Use `attn_implementation="sdpa"` (not flash-attention) if you ever need the custom
masked training path; for this single-pass inference plain causal attention is fine.

## Training

- Base: `Qwen/Qwen3-1.7B` (dense, full-attention). Data: `OpenMed/Medical-Reasoning-SFT-Mega`
  (mixture of multiple-choice + open-ended; trained on the full mixture, evaluated on
  the MCQ subset).
- Stage 1: 6 epochs, one memory block per reasoning step, linear-relative supervision
  anneal. Stage 2: 2 epochs, K=8 blocks, anytime-answer objective, lower LR + higher
  dropout. bf16, 8× GPU, custom 4D attention mask (SDPA).
- Code: training/eval/benchmark scripts are released alongside this model.

## Limitations

In-distribution eval uses auto-extracted answer letters from a held-out slice of the
training dataset.
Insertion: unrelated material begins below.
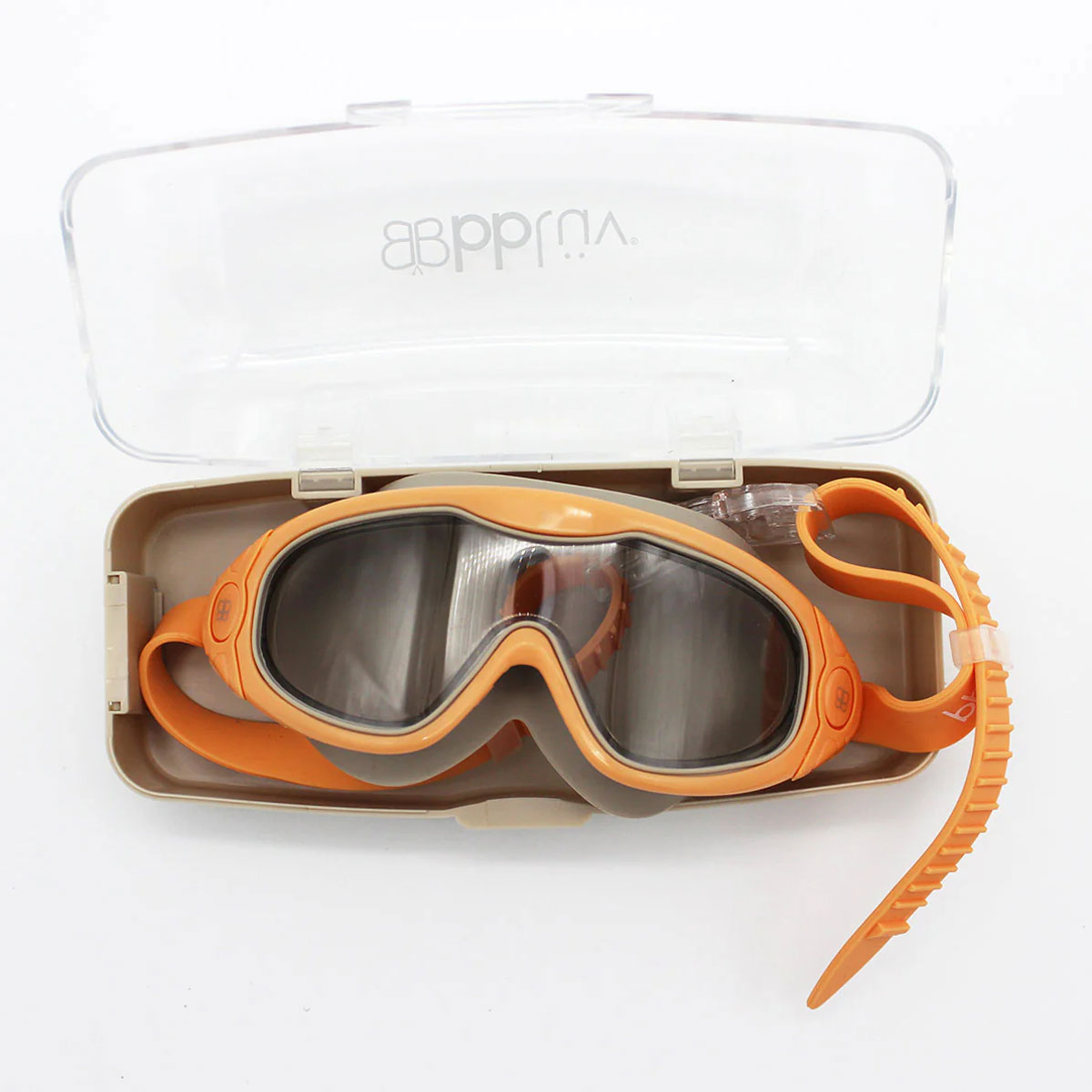 Παιδική μάσκα θαλάσσης σε πορτοκαλί χρώμα από την εταιρεία Bbluv. Είναι κατασκευασμένη από σιλικόνη-πλαστικό με αεροστεγή, αδιάβροχο σχεδιασμό, φιμέ αντιηλικακούς (UV) φακούς και αντιθαμβωτική επίστρωση, προσφέρει απόλυτη άνεση και ασφάλεια κάτω από το νερό. Διαθέτει ρυθμιζόμενο λουράκι εξασφαλίζοντας τέλεια εφαρμογή, ενώ το πρακτικό κουτί αποθήκευσης διευκολύνει τη μεταφορά. Ιδανική επιλογή για υποβρύχιες εξερευνήσεις. Δεν διαθέτει αναπνευστήρα. Κατάλληλο για 3+ ετών.
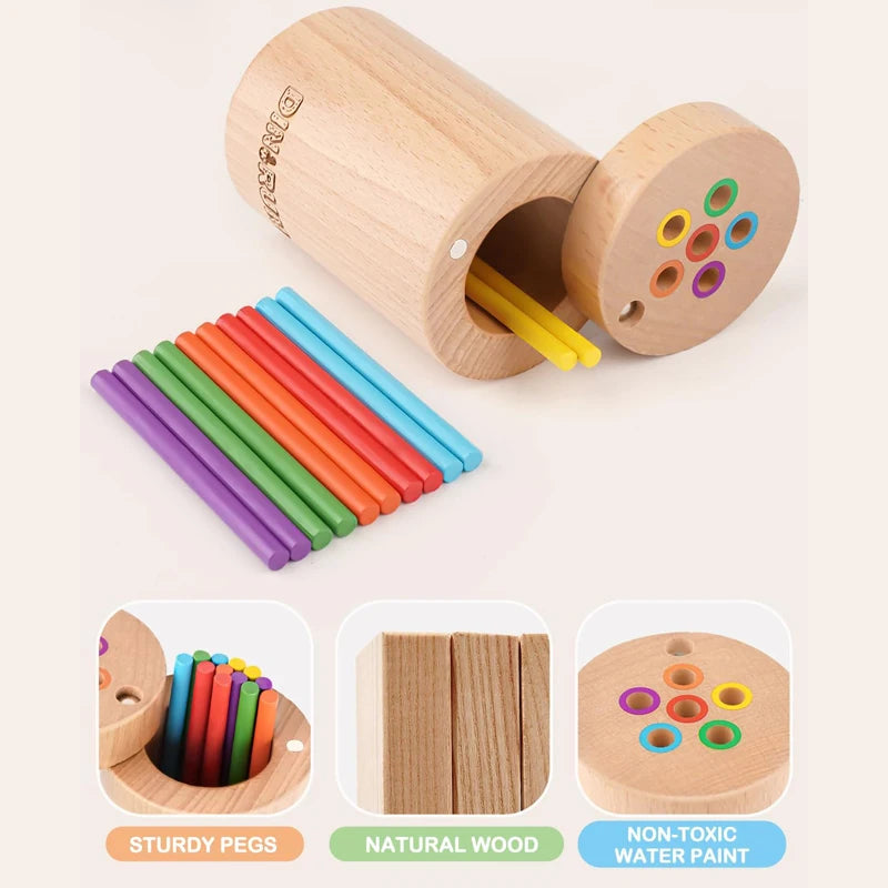 Insérez les bâtonnets en bois colorés dans les fentes correspondantes pour une expérience ludique et éducative. Encouragez le développement des compétences tout en s'amusant.

Single model size (1.7B) and seed. English only. The OOD numbers
(MedQA/MedMCQA) are 4-option; in-distribution is up to 10-option. Not safe for any
real-world medical decision-making.

## Citation

```bibtex
@article{aichberger2026rim,
  title  = {Unlocking the Working Memory of Large Language Models for Latent Reasoning},
  author = {Aichberger, Lukas and Hochreiter, Sepp},
  year   = {2026}
}
```
Also cite `Qwen/Qwen3-1.7B` and `OpenMed/Medical-Reasoning-SFT-Mega` (both Apache-2.0).